This study evaluated the prevalence of radiosensitive organ shielding in patients undergoing CT examinations in five hospitals in Ahvaz, Iran. The effectiveness of IBS to reduce radiation exposure of patients during CT exams has been highlighted by several international publications over the past two decades [7, 11, 14]. Laughlin and Mooney reported a 57% reduction in radiation dose without any effect on quality of images when performing CT of the chest with a bismuth thyroid-shield [7]. Perisinakis et al. performed a study to assess the eye lens dose reduction using in-plane bismuth eye-shielding in pediatric patients undergoing CT of the head. He reported that the mean eye lens dose reductions were 34% when eye globes were entirely included in the field of scans [5].

Radiosensitive organs of superficial location and often proximity or inclusion in the field of the scan, are subjected to the primary and scatter radiation while they often are uncommon primary CT evaluation sites [7, 10, 12]. Lack of or inadequate shielding will increase the exposure of these organs to radiation and be risks for malignancy [8, 12]. According to results of this study, IBS were not available in five hospitals evaluated and radiosensitive organs were not shielded when included inside the scan. For organs outside the field of the scan such as: thyroid gland during head examinations and testes during abdominopelvic CT, a relevant reduction of the organ dose can be easily obtained using lead shields [13].
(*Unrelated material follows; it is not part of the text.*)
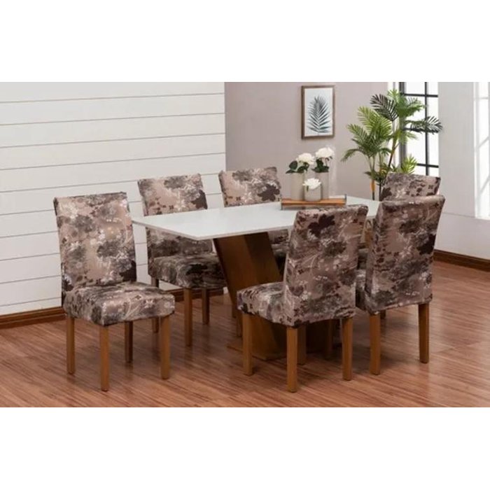 Capa de Cadeira Estampada 4 Lugares 04 Peças Flores Marrom

The sensitivity of a tissue to radiation is directly proportional to its rate of proliferation. Therefore human gonads support a large number of stem cells and are thus extremely sensitive to radiation [9, 16]. Absence or inadequate gonadal protection may cause direct gonadal damage and mutation [17] and shielding is advocated as an effective method to reduce the potential effects even on future generations [9, 16]. According to Hohl et al., shielding the male gonads during abdominopelvic CT with standard lead-gonadal shield reduces the testicular dose against scattered radiation up to 87% [3]. We found that gonad shielding was applied only in 3.6% of cases. It also appeared that even gonadal shielding was not regarded and it as a matter for concern. In chest and head CT examinations, radiology technicians covered patients with gonad lead-shield or lead apron in only 5% and 8% of cases, respectively. The lens of the eye is highly sensitive to radiation [5]. “When the eye is exposed to radiation, cells located at the front of the lens can be damaged or destroyed. The affected cells migrate to the back of the lens, where they can collect and form an opacity that may impair vision and lead to cataracts” [12]. Head CTs accounted for 33% of all CT imaging performed in this study. According to Perisinakis et al. this may result in a significant (0.03 Gy to 0.13 Gy) radiation dose to the eye lens [5]. In our study, where bismuth and lead-lens shields were not available in the five hospitals evaluated, the lenses were never shielded during CT. Like McLaughlin and Mooney [7], in the six X-ray rooms evaluated in this study the gantry angulation was employed for eye protection during routine brain CT. A much greater dose reduction can be obtained by the use of an angled gantry than by the use of the IBS during brain CT [7].

Breast and thyroid are among the most radiosensitive organs [8, 12]. Thoracic CT is a commonly ordered test and it may result in a significant radiation dose to breasts (20-35 mGy) and thyroid (15.2-17.6 mGy) [7, 8]. It has been estimated that “delivery of 1 Rad (0.01 Gy) to a women’s breast before the age of 35 fractionally increases her risk of breast cancer by 13.6%” [8]. However, in this study thyroid shielding was never regarded in CT practice and breast shielding was regarded in 8% of cases when performing CT exams of the head.

While all of the five hospitals evaluated benefited from adequate lead-shielding tools (lead apron, thyroid collar, and gonadal shield) to protect patients against scatter radiation, they were employed only in 3.6% of cases. This is in contrast to a report by Iball and Brettle [18]. The results of this study indicate that patients in the hospitals investigated are receiving avoidable yet significant radiation, which is a reason for concern. It seems that the main reasons for omission or inadequate shielding during CT practice are the result of lack of adequate shielding tools and/ or lack of concern. Unfortunately, shielding tools that were available were not used optimally.

Conclusion

We recommend strict adherence to safety guidelines to protect patients from potential harm of radiation. Provision and routine use of IBS to radiosensitive organs and lead shields to the organs outside the field of scan, are urgently recommended. A comprehensive radiation protection training course should be scheduled throughout the country to reduce the patient’s radiation dose during CT exams. More inspection and supervision by health authorities to observe shielding application by radiology technicians is also recommended. Provision of the written shielding protocols for correct use of protection tools may avoid confusion over when and how shields should be applied without compromising diagnostic results. More studies and education are needed to improve current radiation hazards that can be easily avoided.

Acknowledgements

We are grateful to the Student Research Committee of Ahvaz Jundishapur University of Medical Sciences for their financial support (grant No. 93S.91).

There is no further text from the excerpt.